I am so sorry for all of the losses here. I had a very early miscarriage last October. I started bleeding after having tested positive. I went and got my blood tested 2 weeks in a row and the hCG dropped. The Dr. gave me some medecine to make my uterus contract to expell the miscarriage. I don't really remember specifically how I felt, I was in total shock I think. Again, I am so sorry for everyone's losses.
GOssamer


----------



## wawoof (Aug 17, 2003)

So sorry for all your losses









I just had my 3rd early miscarriage.

1st M/C after 8 months TTC - October 2004 - 4 weeks - started bleeding at expected period time, but felt funny and had strong cramping, which I usually don't have. Went out and took a HPT, which was faintly positive. Two days later, a HPT was negative.

2nd M/C - November 2004 - 5 weeks - had some medium bleeding at the expected time, but then still felt pregnant (ultra tired). OB ordered (at my request) a HCG doubling test and progesterone test. My HCG tripled in two days, but progesterone was low (at the second day of the HCG test). Then, I bled heavily for a couple of hours right after the second HCG test. Then, no bleeding for a week, then heavy bleeding and negative BPT.

Stopped TTC Dec & Jan 205

3rd M/C - March 2005 (started 6 days ago) - 5 weeks - had positive HPT at 4 weeks. But spotting started 2 days prior ti 5 week mark, and turned into heavy bleeding at the 5 week mark. The next day, a BPT was negative.

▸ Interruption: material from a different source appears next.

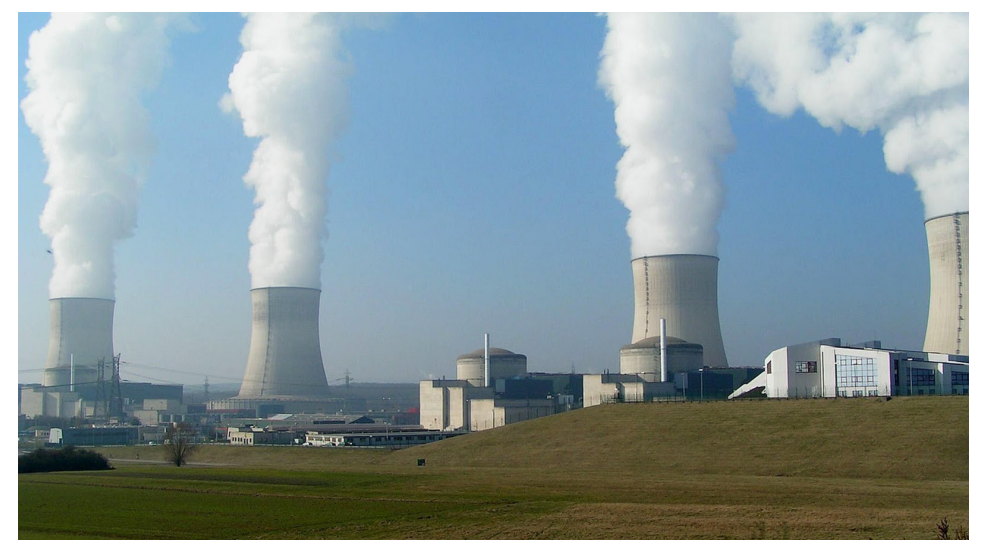
Figure 2: A nuclear power plant in Cattenom, France. France's nuclear energy accounts for 76.3% of its total electricity production. The stacks rising out of the four large towers in this image are made of steam and are harmless.

when it comes to nuclear has scared the public and policymakers away from a potentially planet-saving energy source.<sup>19</sup> But the merits that nuclear has over its alternatives, coupled with the pressing threat of climate change, make it more than worthwhile to reconsider our attitudes towards nuclear energy.

I'm so frustrated that we are able to get pregnant but not stay pregnant. I had *no* problems at all during my pregnancy with my son and I don't know what's changed since then. My OB and I suspect I am having a progesterone deficiency, and I think she is going to start me on progesterone supplement soon.


----------



## witchbaby (Apr 17, 2003)

my second miscarriage was very early, about 4 weeks and change. i was a patient at a reproductive endocrinologist and was called when my beta levels were found to be elevated. unfortunatly, they were only at 15 and i started miscarrying about 2 days later. it was pretty much like a regular period, perhaps a bit more painful and a little more... bloody? i know i used more pads, at least.
i'm sorry you're going through this. it's never easy.


----------



## mama2four (Jan 16, 2005)

I had 3 early misscariages and one missed misscariage...
nr.1) I had a blood test done and it came back positive, a few days later i passed some pink mucus, and after a few hours I started bleeding, basically like a period, just a bit heavier

nr2) I did a hpt which came back +ve, then another which was fainter, then another which was -ve, so the OB I called told me, oh that means that the baby is dead







(very blunt) and a few days later I started bleeding heavily, passed a big clot as well, which really was sad as I imagined that to have been the baby....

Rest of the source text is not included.